I currently have a sharded cluster up and running, and I have noticed that the memory usage of the primary member of each replica set is very high, it is 8GB although I started each member with the following:

mongod --auth --bind_ip_all --shardsvr --replSet a --smallfiles --oplogSize 1024 --keyFile /file/somewhere/

I thought (possibly naively) that the oplogSize would limit the amount of memory used.

Any guidance in how to solve this or highlighting the error of my ways is much appreciated.

Solution

Introduction

The oplog has ~~nothing~~ very little to do with memory consumption. It is a capped collection used as sort of a write-ahead log for operations to be replicated to other replica set members.

In general, MongoDB uses up to around 85% (give and take) of memory unless told otherwise. This memory is used to keep the indices and the "working set" (copies of the most recently used documents) in RAM to ensure optimal performance. While it is technically possible to limit the RAM used by MongoDB, it is a Very Bad Idea™ to do so, as you severely limit MongoDB's performance and make it basically impossible to detect when to scale out or up because of insufficient RAM.

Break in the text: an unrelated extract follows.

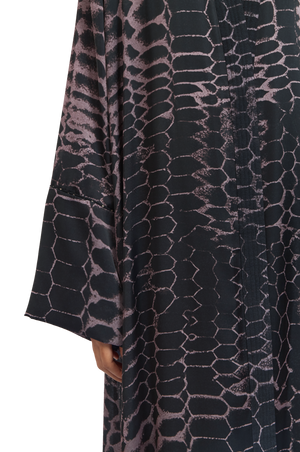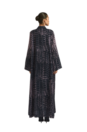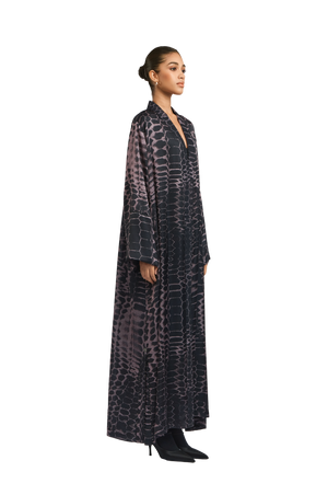 The Sasha 2 Abaya is adorned with an exclusive in-house 1309 python print. A linen quilted band adds texture and structure, complementing the abaya’s fluid, relaxed silhouette. The design reflects a perfect balance of bold artistry and refined sophistication.
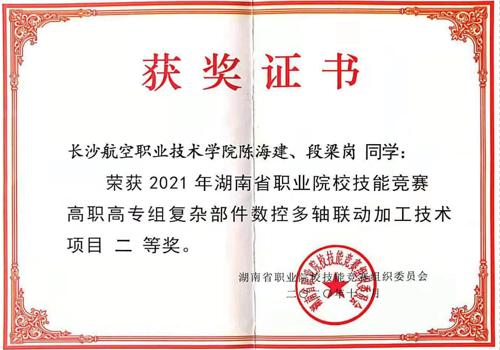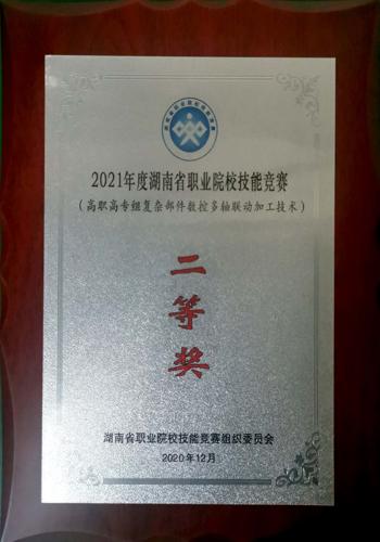 12月17-18日,湖南省2021年度职业院校技能竞赛高职高专组“复杂部件数控多轴加工技术”赛项在湖南工业职业技术学院举行。我院代表队经过积极备战、奋力拼搏,荣获该赛项第2名、二等奖。

TL;DR: If you have to ask how to limit the RAM utilised by MongoDB, you probably should not limit it, as you are unable to judge the side effects this step will introduce.

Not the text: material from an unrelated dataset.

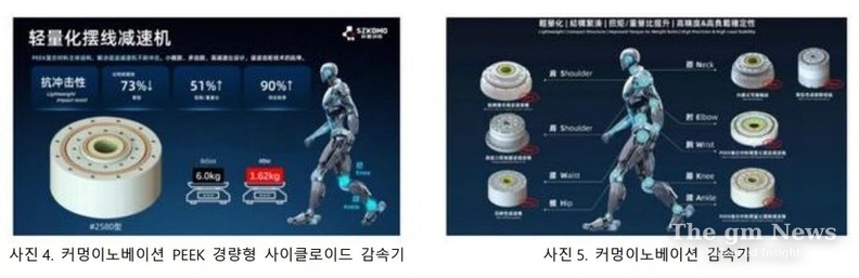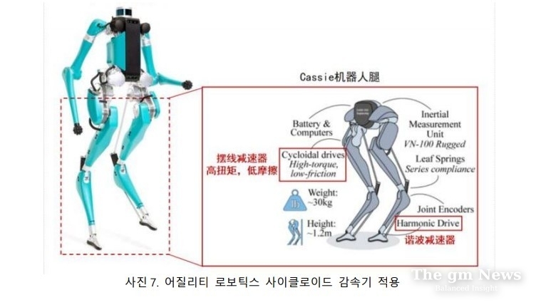 특히 정밀 제어가 필요한 보행 구성에서는 감속기의 기계적 오차가 균형 유지와 충격 흡수에 직접 영향을 주기 때문에, 감속기의 치형 가공 정밀도와 내구성이 전체 로봇 동작 안정성을 결정하는 중요한 요소로 제시된다.

Limiting MongoDBs memory consumption

You basically have three options: Limit the cache size for the WiredTigers storage engine, use cgroups to limit the memory mongod can request from the OS or use Docker to do so (which makes it a bit easier, but under the hood Docker uses cgroups as well, iirc).

Option 1: Limit WiredTigers cache size

Add the following option to your configuration file (I assume it is in YAML format):

storage:
 wiredTiger:
  engineConfig:
     cacheSizeGB: <number>

where <number> is the maximum amount of RAM MongoDB is allowed to use for WiredTiger's cache. Note that fiddling with this parameter can severly impact performance (on the other hand, limiting MongoDB's memory consumption always will). Please also note that this does not limit the memory used by mongod itself (for example, each connection gets a small stack assigned).

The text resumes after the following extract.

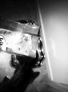Katten vill ut efter den ätit. Här står jag alltid halvnaken och balanserar så ingen av grannarna ska se in. 🙂

Option2: Using cgroups to limit the overall memory consumption of `mongod`

As a root user, first ensure that cgroups are enabled:

$ lscgroup
cpuset:/
cpu:/
cpuacct:/
memory:/
devices:/
freezer:/
net_cls:/
blkio:/

Assuming cgroups are available, you can now configure a control group for MongoDB's memory consumption in /etc/cgconfig.conf:

group mongodb{
    memory {
        memory.limit_in_bytes = 512m;
    }
}

After you have done so, you need to restart the cgconfig service. Do not simply copy and paste the config above: With 512 MB, MongoDB will bearly run (if at all). Adjust the memory limit to your needs, with at least 2GB of RAM.

Next, you need to assign mongod to the control group you just created. To do so, you need to edit /etc/cgrules.conf:

*:mongod memory mongodb/

where * denotes that this rule applies regardless who started mongod, the limit will be applied to RAM according to the rules of the control group mongod/. As a last step, you now need to restart the cgred and MongoDB services. The mongod now should use only the specified amount of RAM, for the better or worse.

Option 3: Use Docker to limit `mongod`'s overall memory consumption:

Identify which version of MongoDB you are running currently

$ mongod -version
db version v3.4.10
git version: 078f28920cb24de0dd479b5ea6c66c644f6326e9
OpenSSL version: OpenSSL 1.0.2n  7 Dec 2017
allocator: system
modules: none
build environment:
   distarch: x86_64
   target_arch: x86_64

Your output may be different, but we only need the db version, namely the minor version. In this example, it is "3.4".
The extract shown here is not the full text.